OBJECTIVE: Our aim was to evaluate the relationship between esophageal dysmotility and lung disease by correlating the results of Echocardiogram and Pulmonary Function Test (PFT) with Esophageal Transit Study (ETT). METHODS: Charts of Systemic Sclerosis (SSc) patients fulfilling 2013 ACR/EULAR classification criteria seen in Rheumatology clinics were reviewed and their demographics, ETT result, PFT, and echocardiogram data were collected at baseline, years 1, 3, 5, and 10. Patients were divided based on their ETT status and were compared with respect to each variable using a two-sided two-sample t test for continuous variables and a Fisher's exact test for categorical variables. RESULTS: 130 patients were identified with either limited cutaneous SSc (109) or diffuse cutaneous SSc (21) with a mean age of 52.65 years. The mean DLCO was statistically worse in abnormal ETT patients [p value = 0.0004] as were the progression rates per year for DLCO at - 2.25 (p value = 0.019).
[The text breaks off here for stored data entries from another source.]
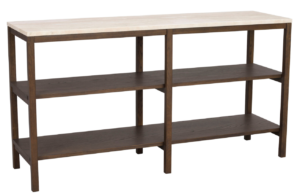Kamenný toaletní stolek ORWEL značky ROWICO představuje skvělý způsob, jak dostat do interiéru styl a zároveň praktický kousek nábytku. Tento vzdušný toaletní stolek nabízí čtyři police a desku z travertinového kamene, jejíž dekor vytváří luxusní nádech společně s hnědou dubovou podnoží. Dubové dřevo získalo certifikát FSC, díky této certifikaci je toaletní stolek ekologicky šetrný a výroba stolku tak nezatěžuje životní prostředí. Stolek můžete využít na vystavení dekorace a rodinné fotografie, či na sbírku knih.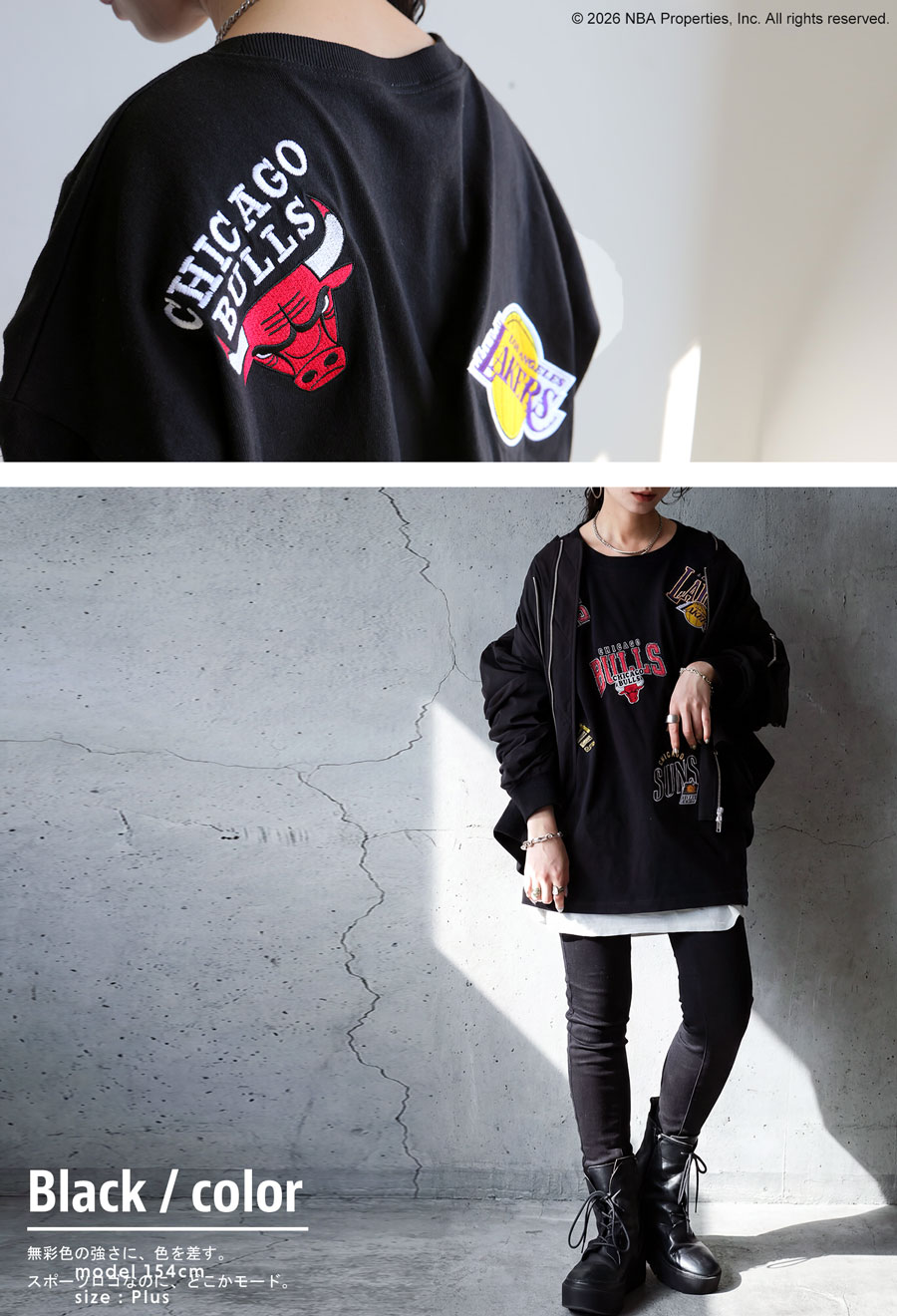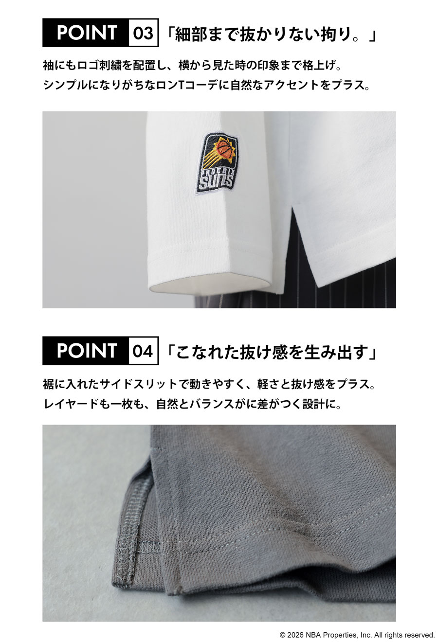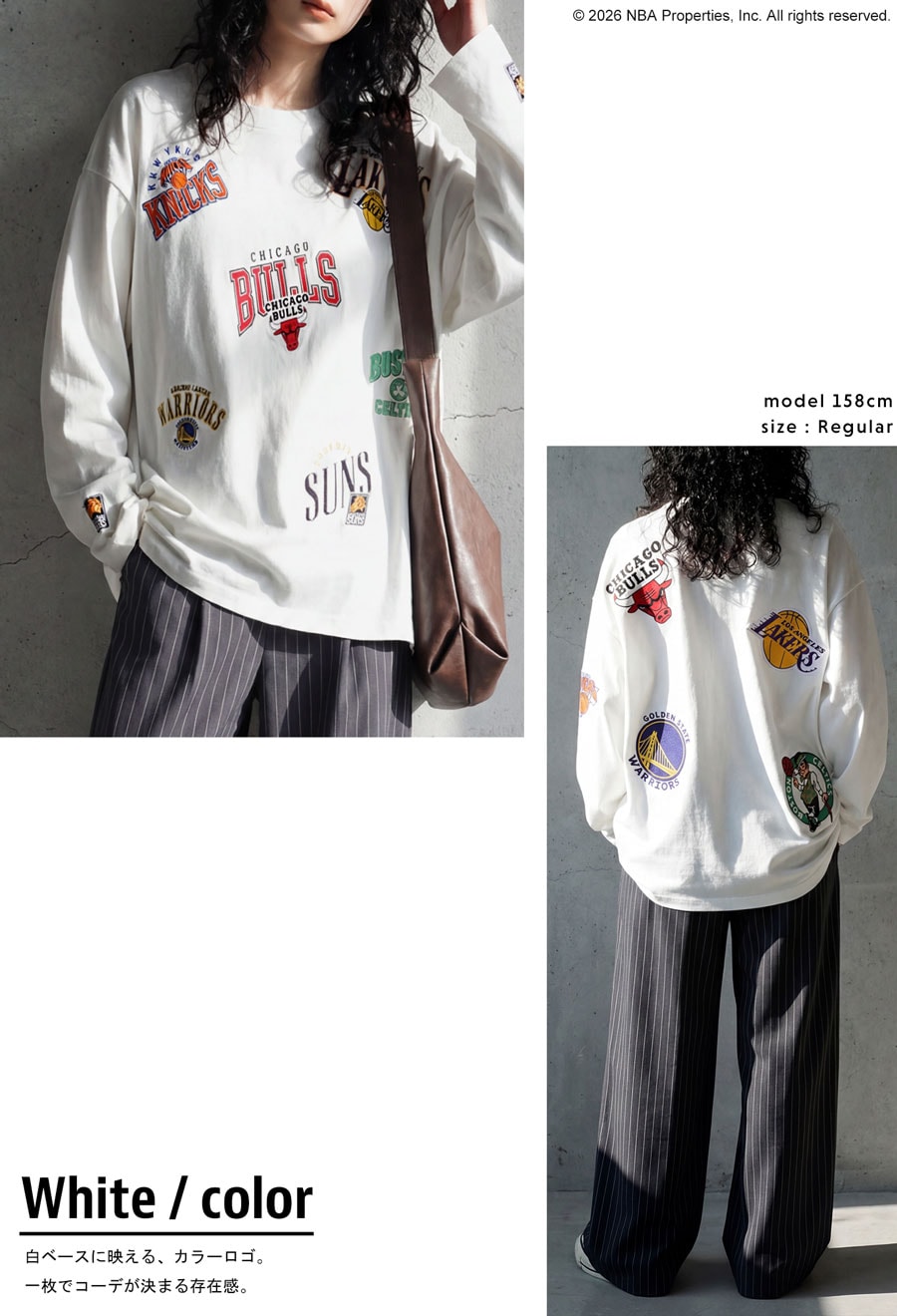 NBA公式 ロゴ刺繍 ロンT レディース クルーネック 送料無料・メール便不可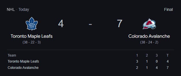 Nichushkin’s Hat Trick Powers Avalanche to 7-4 Victory Over Maple Leafs
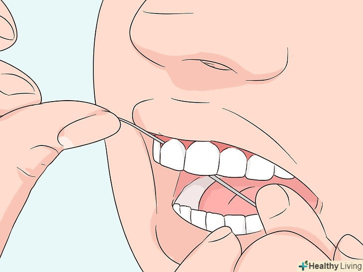 Кожен день чистіть зуби зубною ниткою.зубний камінь може утворитися між зубами, якщо не видаляти частинки їжі, які там залишаються.[3]- Під час чищення обережно проводите зубною ниткою між кожним зубом. Почистіть зубною ниткою між усіма зубами, щоб прибрати скупчилися частинки їжі. Потім потягніть за нитку, щоб витягнути її.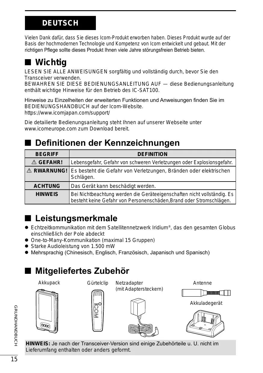 BEDIENUNGSANLEITUNG IC-SAT100 ICOM

Progression rate of FVC per year was statistically significant in the abnormal ETT group, although the mean value was not. The number of patients with abnormal PASP was not statistically different between the two groups (p values 0.104, 0.178, 0.653 at baseline, years 3 and 5, respectively). CONCLUSION: The presence of esophageal dysmotility was associated with increased pulmonary involvement in the form of abnormal DLCO with worsening progression rates per year. There was no statistically significant difference in PASP and FVC between the two groups; however, the progression rate for FVC was worse in adjusted models.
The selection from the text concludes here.